In 1955, he created (with artist Joe Certa) the Martian Manhunter in the pages of Detective Comics #225. Usually credited as author on the initial strip, some commentators believe that he may have produced the plot, but that writer Jack Miller (who most believe succeeded Samachson in writing the character with the next issue), may have produced the first script. Don Markstein's Toonopedia also suggests that Samachson wrote "many subsequent" appearances of J'Onn J'Onzz rather than just the first. Jerry Bails also lists Samachson as having co-created the historical DC character Tomahawk. In 1943 Samachson also created the character Two-Gun Percy, which first appeared under the DC Comics imprint All Funny Comics and was drawn by Bernard Baily.

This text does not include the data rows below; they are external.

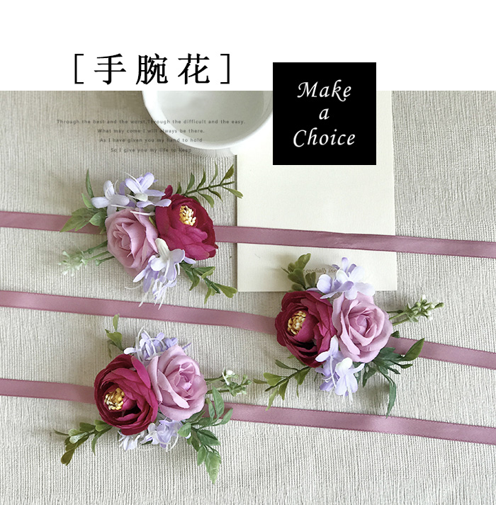 ★ 品名:森林系手工唯美花朵緞帶手腕花手環胸花【紫紅色】
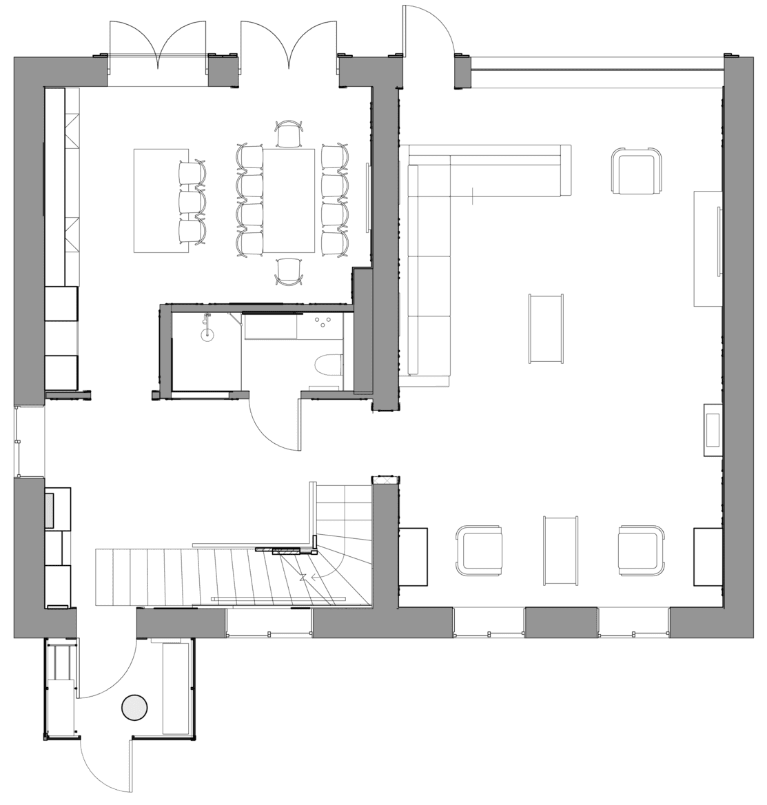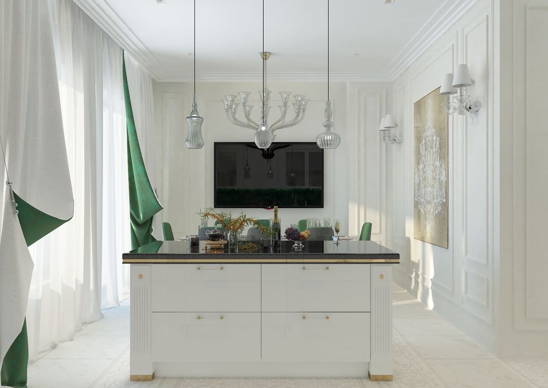 В результате перепланировки и работы над фасадами появились два больших окна в пол и возможность не только любоваться садом, но и выходить из дома сразу через кухню. Кухонное помещение стало просторным, светлым и пополнилось островом ( еще одна мечта хозяйки дома).
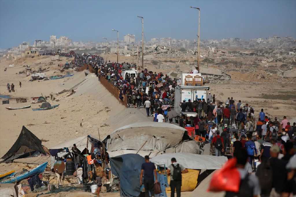 Bazı aileler çocuklarını omuzlarında taşırken, bazıları da eşyalarını ellerinde taşıdı. Savaşın geride bıraktığı yıkıntılara rağmen Filistinliler, evlerine geri dönmenin umuduyla kuzeye yürümeye devam ediyor.
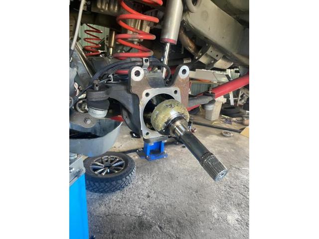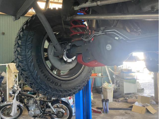 ジムニーです。 走行中 ハンドルがガタガタと振れるときがあるので入庫しました
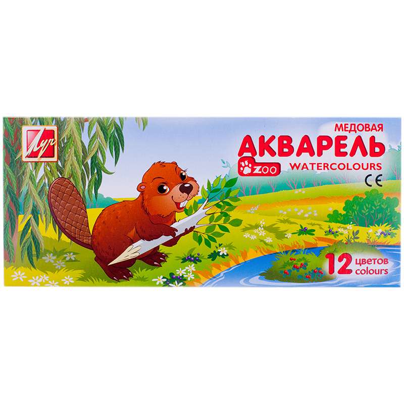 Акварель Луч "Zoo", медовая, 12 цветов, без кисти, картон
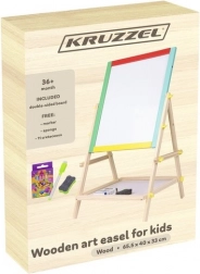 Questa lavagna doppia KRUZZEL offre due superfici per disegnare e scrivere: a gesso e cancellabile a secco. La semplice rotazione e le viti a farfalla permettono un rapido cambio di lato. La cornice in legno con elementi colorati è solida, liscia e sicura per i bambini.
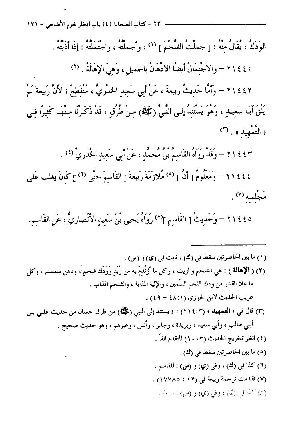 21445 - وَحَدِيثُ الْقَاسِمِ رَوَاهُ يَحْيَى بْنُ سَعِيدٍ الْأَنْصَارِيُّ، عَنِ الْقَاسِمِ.
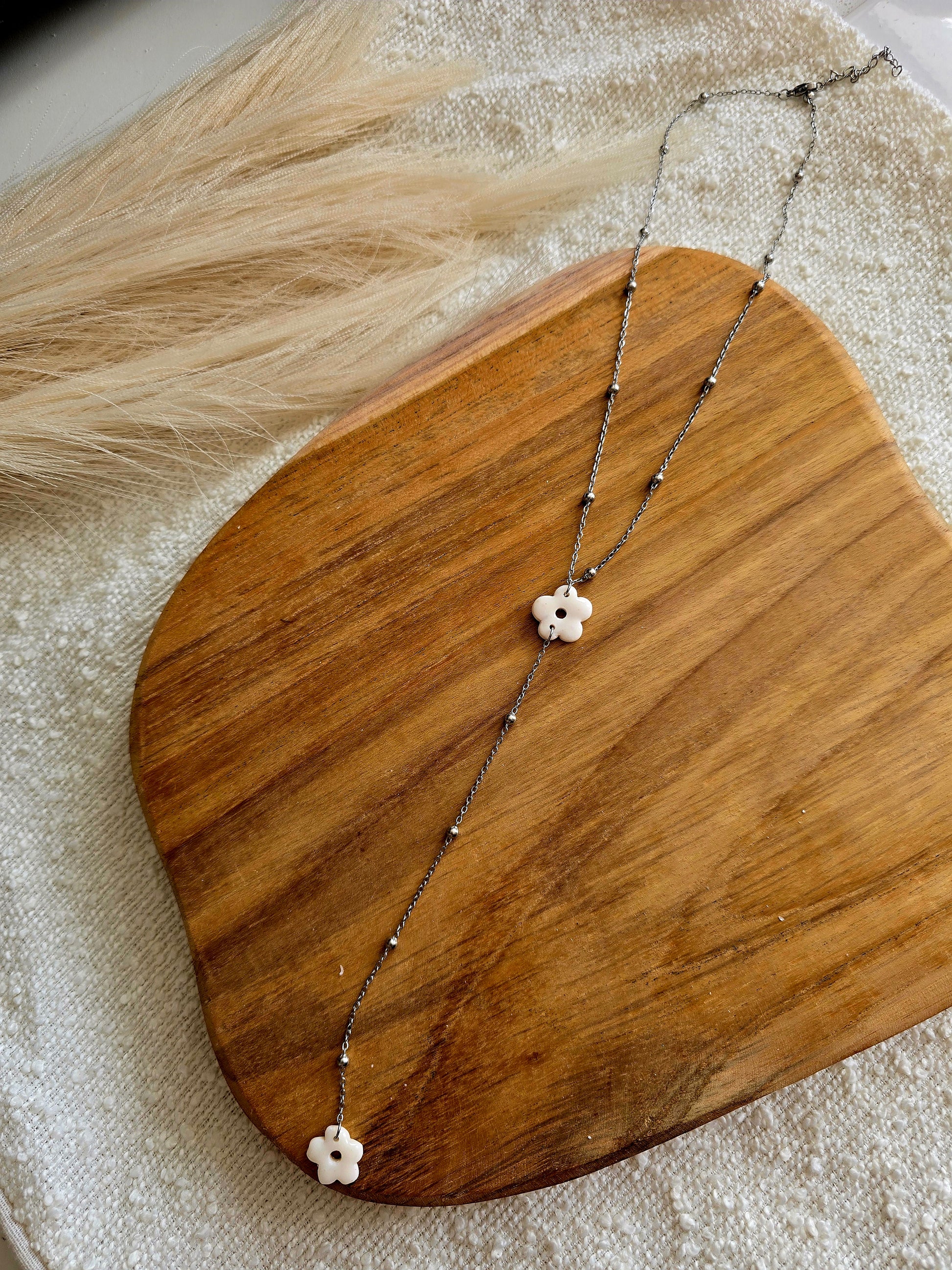 Collier artisanal fabriqué en France. Chaîne et apprêts en acier inoxydable 316L pour une tenue durable au quotidien. Pampille en argile polymère, façonnée à la main puis recouverte de résine UV pour un fini lisse et brillant. Chaque pièce est unique : de légères variations de couleur/motif existent.

In 1975, DC Comics adapted an unused story he wrote in the 1940s featuring the Seven Soldiers of Victory into a six-part serial in Adventure Comics #438-443.

====Television====

Samachson also wrote scripts for Captain Video and His Video Rangers.

===Other work===
With his wife Dorothy Samachson, he wrote about theater ("Let's Meet the Theatre" and "The Dramatic Story of the Theatre"), music ("Masters of Music" and The Fabulous World of Opera), ballet, archeology (Good Digging) and a number of other titles, including Rome, a Rand McNally "Cities of the World" title.

In addition, Samachson was a frequent contributor to scientific journals and the author of The Armor Within Us: The Story of Bone.